Before writing Zaria Fierce and the Secret of Gloomwood Forest, paying attention to how I read was not anything I thought to analyze. I simply read and enjoyed. Even while writing Zaria’s first adventures to Norway, it wasn’t something on my radar, but I noticed while editing and readying the book for publication that my reading habits had changed. I wasn’t just a reader anymore, simply reading to enjoy a book, I was an author, too. I was reading books and dissecting what other authors did.
Now, that I’ve published my first trilogy set out into the world, I notice the changes in how I read even more. Witty turns of phrases catch my attention like landmarks on a road trip. I always loved a clever phrase as a reader, but as an author I am admiring the craft and skill involved, how easily it slid into place and flowed with the rest of the text.
I marvel at how sentences are engineered. For instance from a newspaper article came, “his words popped sporadically like popcorn.” What a clear visual and sound impression. I can hear it and see it – a little man jumping around to emphasize thoughts as they came to him.
Another thing I do is question word choices describing actions. Can someone’s gaze climb over someone’s appearance? Certainly the movement is clear, but eyes don’t have limbs to climb with, so does it work? And if for instance would the word traveled be better? Can a gaze travel over someone’s appearance? If it is better, why is it better? The gaze still doesn’t have limbs… but it can move, by changing where it’s looking.
I especially appreciate correct words in a story instead of their mistaken counterparts like compliment vs complement and homed in on vs honed in on. (Not that I didn’t appreciate them before, but now I feel more sympathetic toward malapropisms in text.
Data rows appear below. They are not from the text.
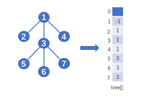 如上图,用数组下标表示树中的结点,数组元素的内容就表示该节点的双亲结点,这样有了结点(下标)以及结点直接的关系(内容),就可以表示一棵树了。比如下标5的内容为3,说明节点5的双亲结点为3;下标1处的结点内容为-1,说明1为根节点。
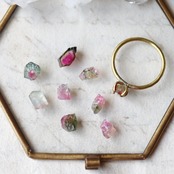 ウォーターメロントルマリンはその名の通り、赤と緑のスイカのような色合いで、きれいなものはとても高価に取引されます。
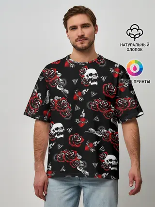 Мужская футболка оверсайз / Черепа и розы
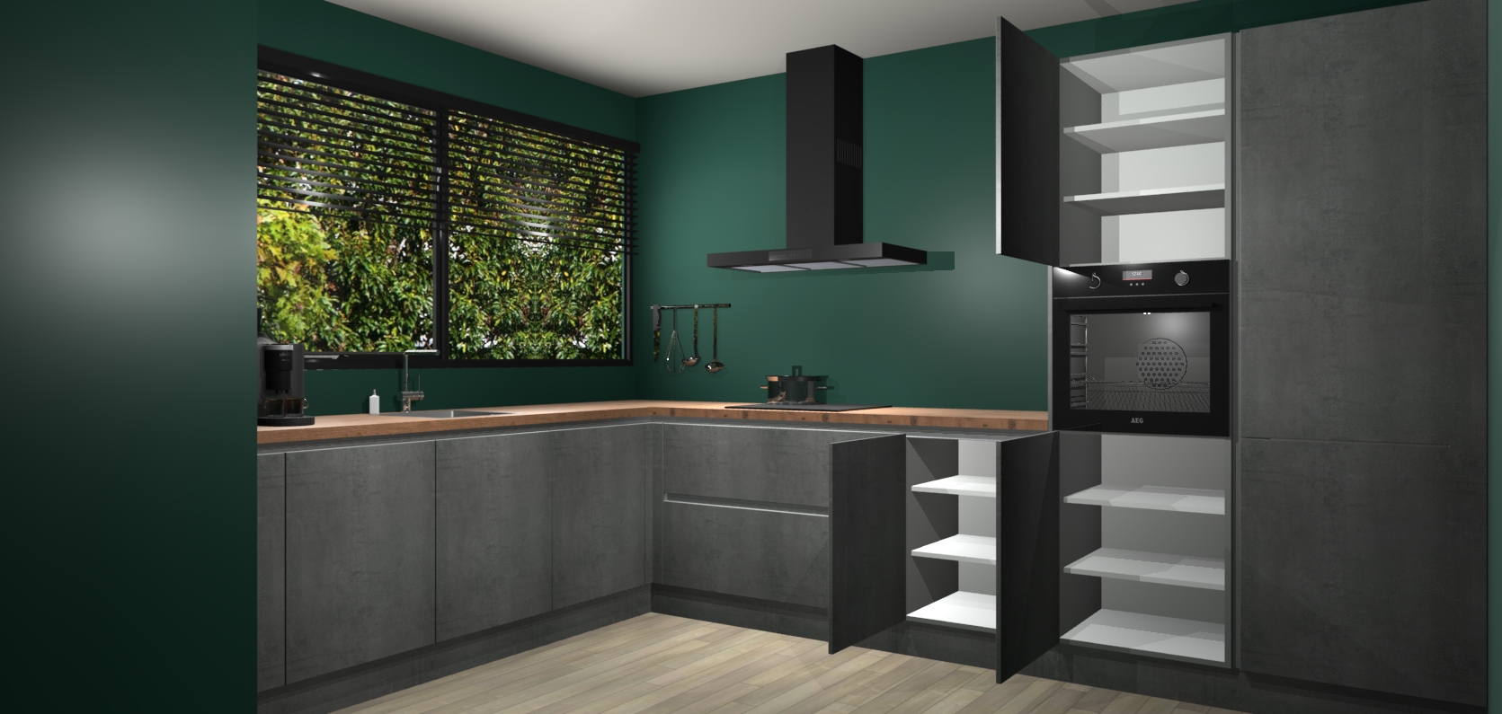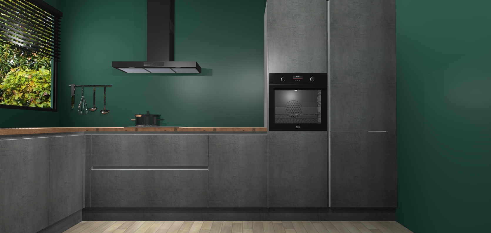Met een modern, tijdloos design en ruime opslagruimte, zult u zich in no-time thuis voelen in uw nieuwe keuken. Uw leven wordt eenvoudiger met de soft-close deuren die voor het ultieme stille comfort zorgen - geen geluid dat u stoort terwijl u kookt. Ook is de keuken voorzien van 5 ingebouwde apparaten: een oven, inductie kookplaat, afzuigkap, vaatwasser en koelkast. Deze kunnen gemakkelijk na bestelling worden bijgewerkt naar AEG - waardoor uw luxe ervaring compleet is.
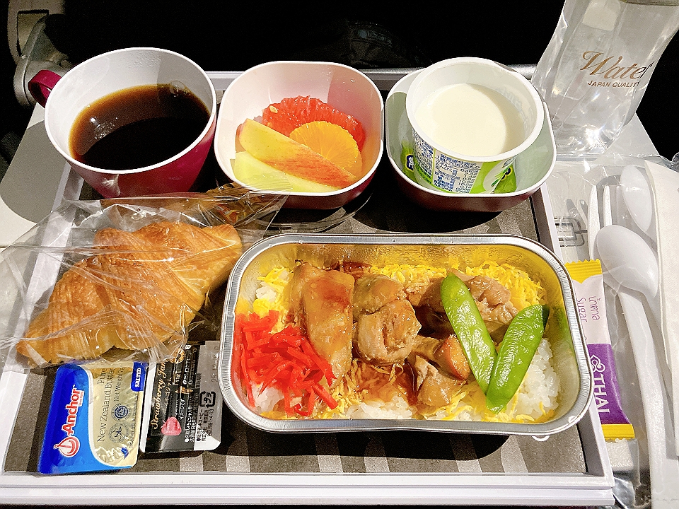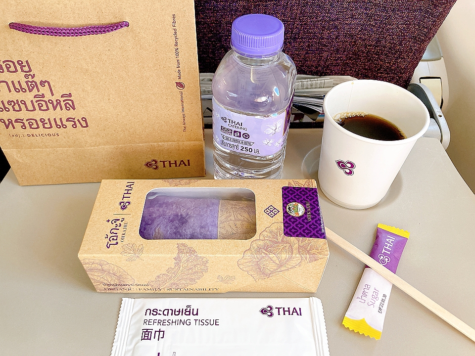 朝飯 TG003の機内で配られたミルクティー味のあんこの大福、コーヒー
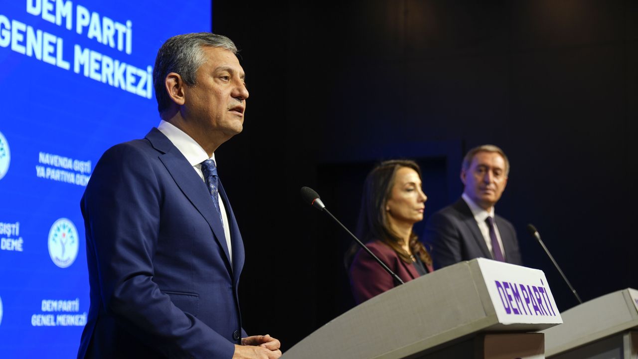 Özel, DEM Parti Eş Genel Başkanları Tülay Hatimoğulları ve Tuncer Bakırhan'ı parti genel merkezinde ziyaret etti.
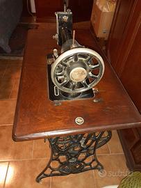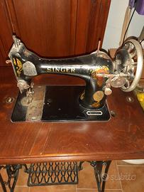 Macchina da cucire antica singer originale con mobile di appoggio e pedale per far funzionare la macchina
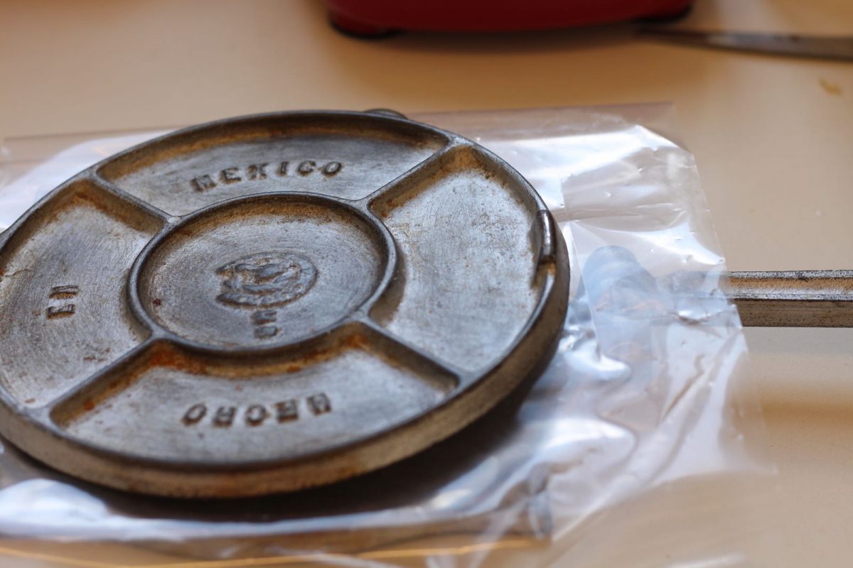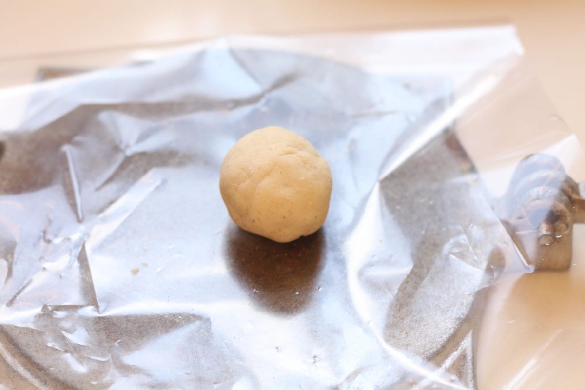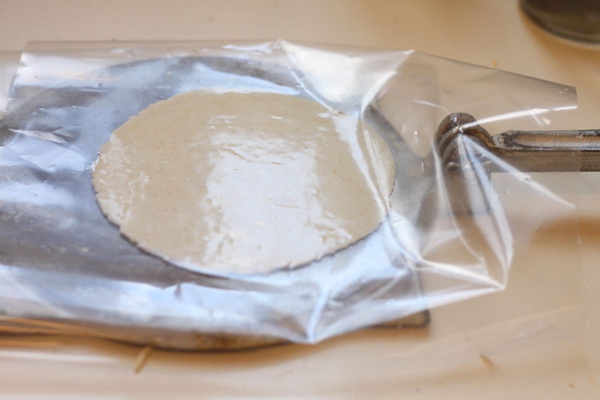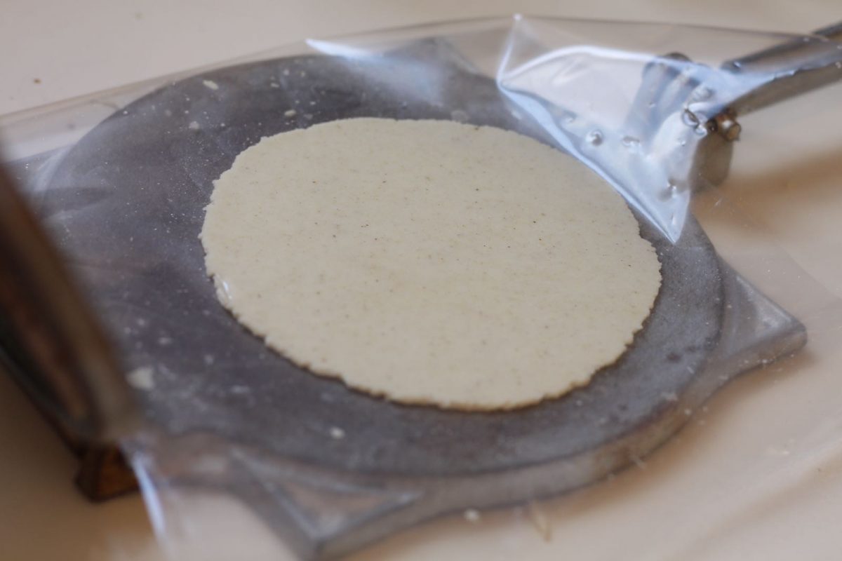 5. מניחים ניילון על המכשיר להכנת טורטיה, מניחים את כדור הבצק, מכסים בעוד ניילון ו״מגהצים״ את הכדור

I hated finding those in my own writing. They creep up far too often, and an author can’t claim distractions or interruptions for all of them! Though we will try.)
I read a lot of grammar blogs. More and more as the time passes. I want to stay sharp, learn new tricks, catch errors that might be missed, and hopefully polish my writing with their nuggets of wisdom. So yes, I still enjoy the story, and I might think about all the same things other readers or authors might when reading. But, I’m now analyzing how the words got on the page and learning wisdom on how to write at each author’s feet.